Capitol Report: Here are the industries that could get coronavirus aid from the U.S. government
Entire industries are hurting and hoping for help from the U.S. government, as Americans cancel travel plans and avoid stores and restaurants because of the coronavirus causing the COVID-19 pandemic.
The Trump administration has been pitching a stimulus package of potentially $1 trillion or more that involves aid for hard-hit sectors such as the airline industry.

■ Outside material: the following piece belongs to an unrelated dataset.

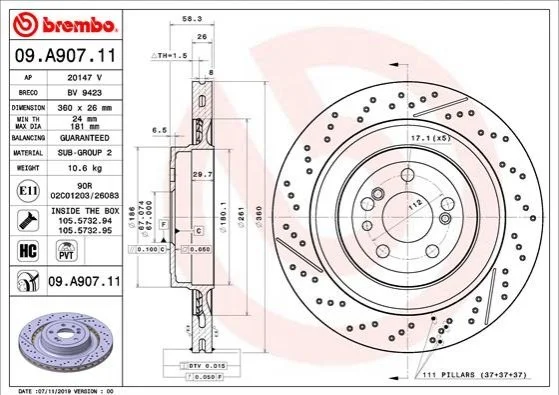 Диск гальмівний передн Лів/Прав MERCEDES C (C204), C (W204), C T-MODEL (S204), E (A207), E (C207), E (W212), E T-MODEL (S212), SLC (R172), SLS AMG (C197), SLS AMG (R197) 1.6-6.3 01.07- BREMBO (Брембо) 09A90711
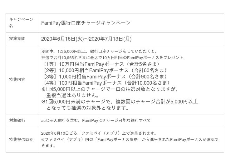 ~1回5,000円以上の銀行口座チャージで、最大10万円相当のFamiPayボーナスが当たる~

Democratic and Republican lawmakers also are working on broad stimulus measures that could help other industries facing financial problems as well as the workers they employ. Senate Majority Leader Mitch McConnell on Tuesday said the Senate will pass a new House Democratic relief bill as soon as possible and begin work on another large rescue package right away.
“This is not an ordinary situation, so it requires extraordinary measures,” McConnell said.

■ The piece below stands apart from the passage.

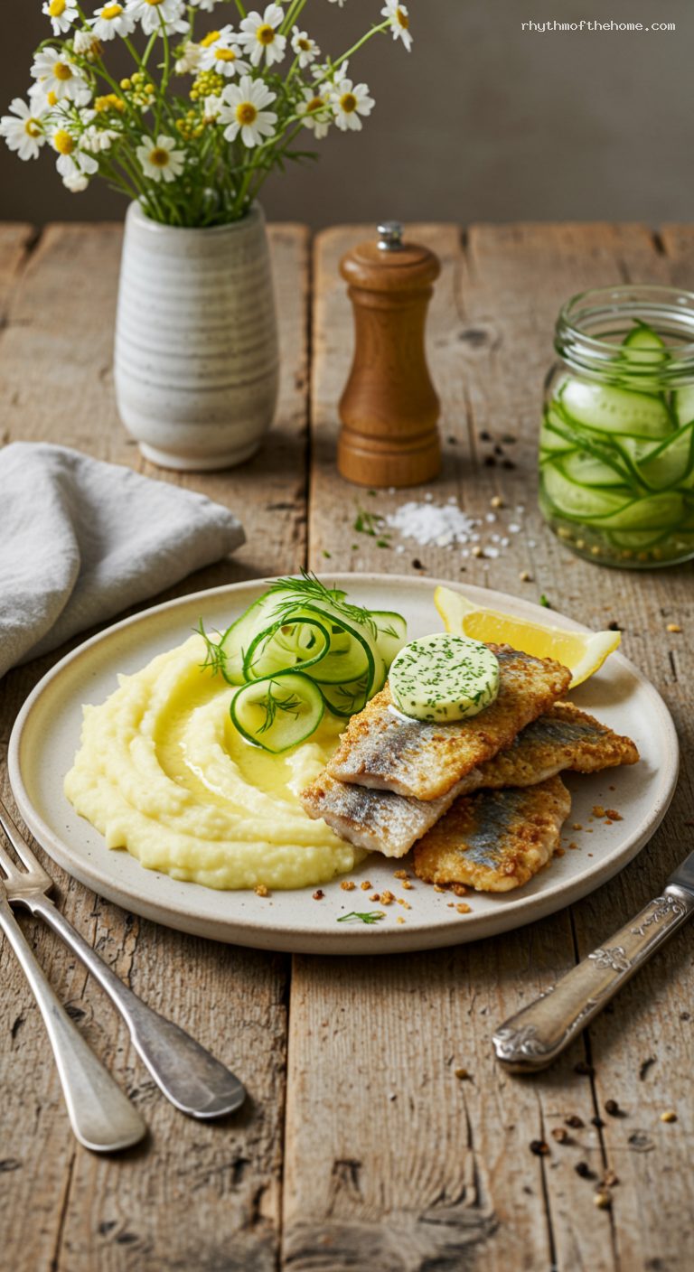 - Classic Swedish comfort: crisp, buttery strömming with silky mash and bright, snappy cucumbers.

Here are some of the individual industries that could be in line for financial assistance:
• Airlines:U.S. carriers may get a $50 billion bailout, which would be about $10 billion below the industry’s request, said Henrietta Treyz, director of economic policy at Veda Partners, in a note. The airline industry
had requested $25 billion in immediate grant assistance for carriers, $4 billion for cargo carriers, and $29 billion in zero-interest loans and guarantees, she said.
U.S. Treasury Secretary Stephen Mnuchin, speaking at a news conference with President Donald Trump on Tuesday, said airlines were due to get loan guarantees in the Trump administration’s proposal, adding that he had spoken to carriers’ CEOs in recent days, though he declined to give specifics on any aid. “The airline industry will be in good shape,” Trump said on Tuesday.
• Hotels, restaurants: Mnuchin on Tuesday said hotels were among the industries due to get loan guarantees in the Trump administration’s proposed package. Regarding support for restaurants, the Treasury secretary said many of them are small businesses and the administration had a specific aid program in the works for such businesses.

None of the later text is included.